2018 Ed A Hewett Book Prize

The 2018 Ed A Hewett Book Prize Co-Winner is Sarah Wilson Sokhey for The Political Economy of Pension Policy Reversal in PostCommunist Countries (Cambridge University Press)

Sarah Wilson Sokhey’s The Political Economy of Pension Policy Reversal in PostCommunist Countries examines why pension privatization reforms that spread to different corners of the world came to be reversed in many countries. Demonstrating that moderate reforms were most vulnerable to reversal, Sokhey links such reversals to two key factors: politicians’ desire to access a source of revenue in the short term, and the lack of domestic interest groups invested in the policy. The book combines a large-N, quantitative analysis of global trends in pension policy reversals with careful case studies of Russia, Poland, and Hungary. Sarah Wilson Sokhey’s provocative argument carries well beyond the post-communist context she so persuasively examines. The book’s argument lends further insight into how and why major policy reversals occur in a wide variety of contexts.

The 2018 Ed A Hewett Book Prize Co-Winner is Rachel A. Epstein for Banking on Markets: The Transformation of Bank-State Ties in Europe and Beyond (Oxford University Press)

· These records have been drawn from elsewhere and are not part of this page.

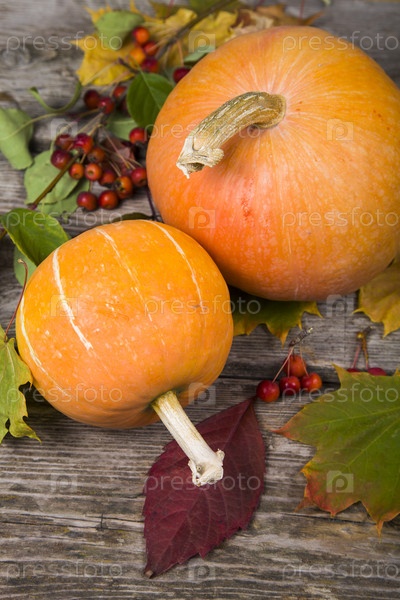Тыквы и осенние листья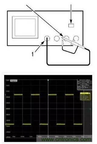 探頭補償調(diào)節(jié)的操作步驟如下: 1.將示波器探頭連接到通道,按前面板上的PRESET(預設)按鍵(左側面板設置區(qū)域中)。將探頭信號端和參考地連接到示波器面板上的參考輸出,然后按 Autoset(自動設置)。如果使用探頭鉤式前端附件,請將信號針前端牢固連接在探頭上,確保正確連接。如組圖一所示: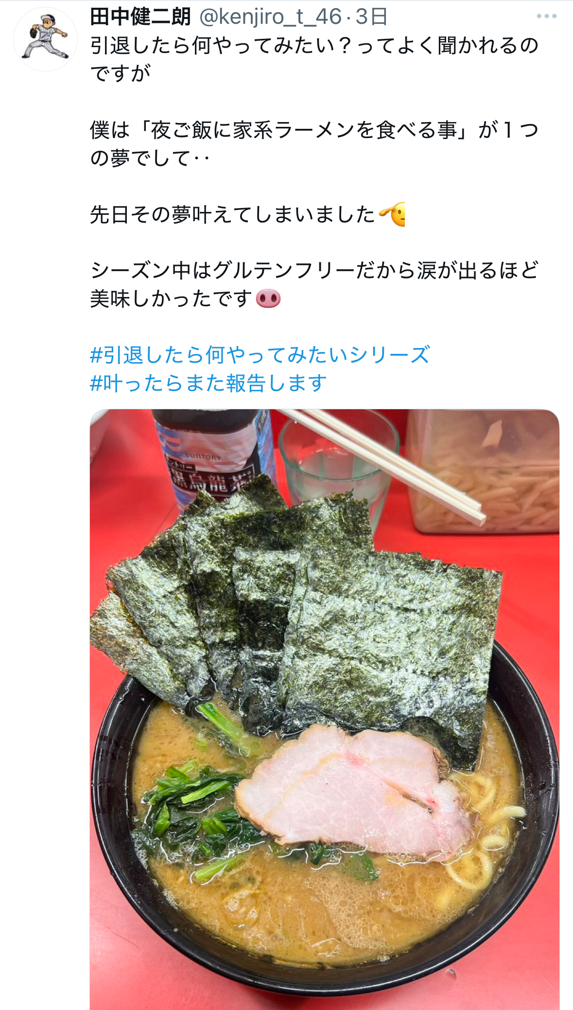 | … | 71無念Nameとしあき25/11/05(水)08:04:45No.1363895397+>タナケンが夜ご飯に家系ラーメン食べて泣いてたグラン |

Rachel Epstein’s Banking on Markets sheds new light on a central question in much of the post-communist region: how and why so many post-communist countries became deeply dependent upon foreign capital, and whether this dependence created vulnerabilities for the region’s financial sectors and economies. Challenging the dominant perspective that the presence of foreign capital necessarily leaves emerging economies vulnerable to instability and volatility during financial crises, Epstein finds that foreign ownership was a stabilizing factor for many post-communist countries during the European sovereign debt and financial crises. The extensive research and novel findings of Banking on Markets will shape our future understanding of European and post-Communist banking and finance for years to come and this book will have an enduring impact on theories of globalization and international political economy.

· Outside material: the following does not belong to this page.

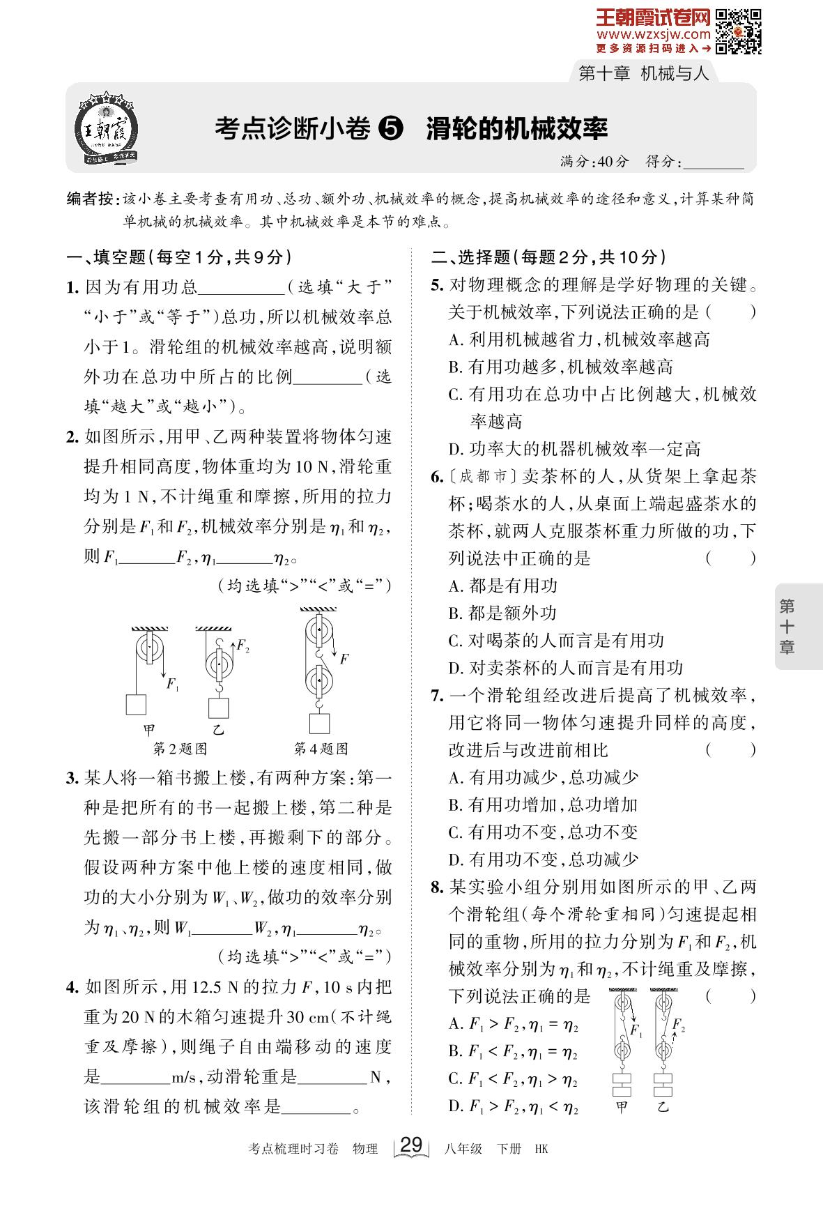 2023下册八年级物理沪科版 第十章 考点诊断小卷5 滑轮的机械效率

Honorable Mention: Regine A. Spector

Title: Order at the Bazaar: Power and Trade in Central Asia (Cornell University Press)

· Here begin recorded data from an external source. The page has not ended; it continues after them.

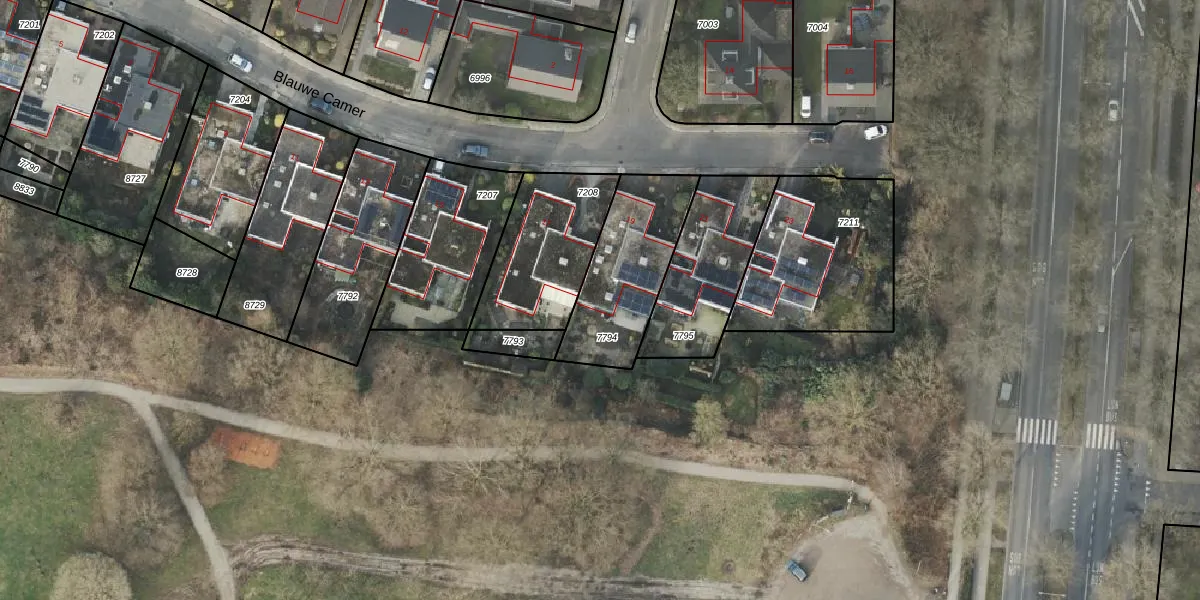 Het perceel waarop Blauwe Camer 19 staat heeft een oppervlakte van 422 m². Dit is een groot perceel. De perceeloppervlakte wordt geregistreerd door het Kadaster. Gedetailleerde informatie over de maten van dit perceel kunt u vinden in het rapport Kadastrale kaart met maatvoering van Blauwe Camer 19.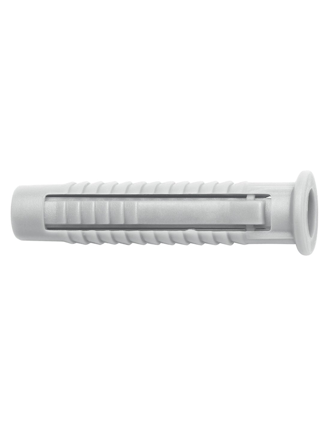 TACO NYLON FX Nº6 CAJA 100 UNID. Taco nilón CELO FX-NEXUS Estriado. Con Valona. Aletas antirrotación. Fijación de materiales macizo y huecos. Para usar con tirafondosTornigrap®, velox, FM, 571 y TIC. ø 6 mm. 100 unid.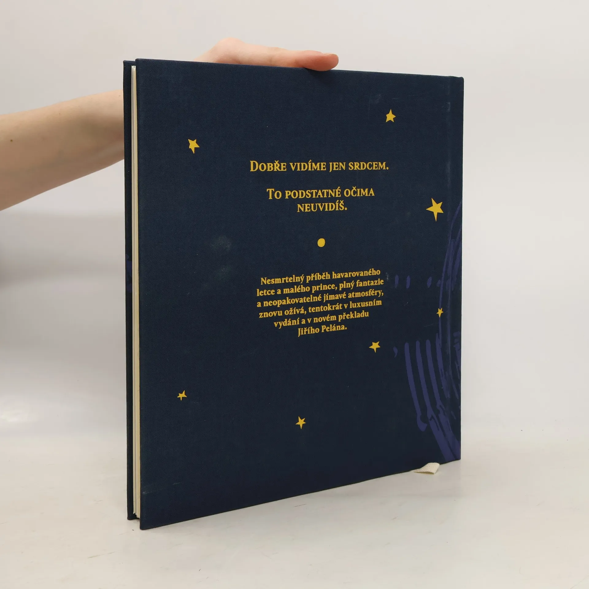 Nesmrtelný příběh havarovaného letce a malého prince, plný fantazie a neopakovatelné, jímavé atmosféry, znovu ožívá, tentokrát v luxusním vydání a v novém překladu Jiřího Pelána. Kniha obsahuje také dárkovou kartičku pro štěstí. Je určena čtenářům od 7 let.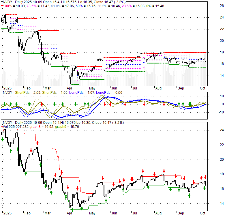 Price has closed below its short-term moving average. Short-term moving average is currently above mid-term; and above long-term moving average. From the relationship between price and moving averages: This stock is NEUTRAL in short-term; and BULLISH in mid-long term.[ NVDY ] has closed above bottom band by 40.6%. Bollinger Bands are 34.2% narrower than normal. The current width of the bands does not suggest anything about the future direction or movement of prices.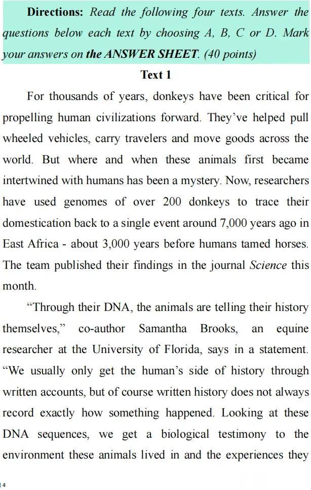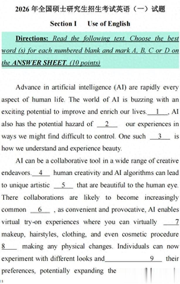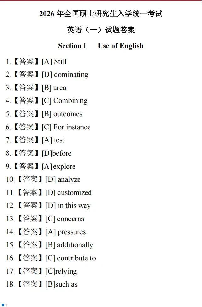 2026全国硕士研究生考试考研英语一试题答案

Regine Spector’s Order at the Bazaar: Power and Trade in Central Asia asks consequential questions about the emergence and role of social order. She shows how her interlocutors, agents in their own right, create pockets of order and efficiency amidst poor governance. Order at the Bazaar is a beautifully and engagingly written, meticulously researched, and empirically rich study offering a broad and significant theoretical contribution that transcends the boundaries of the region.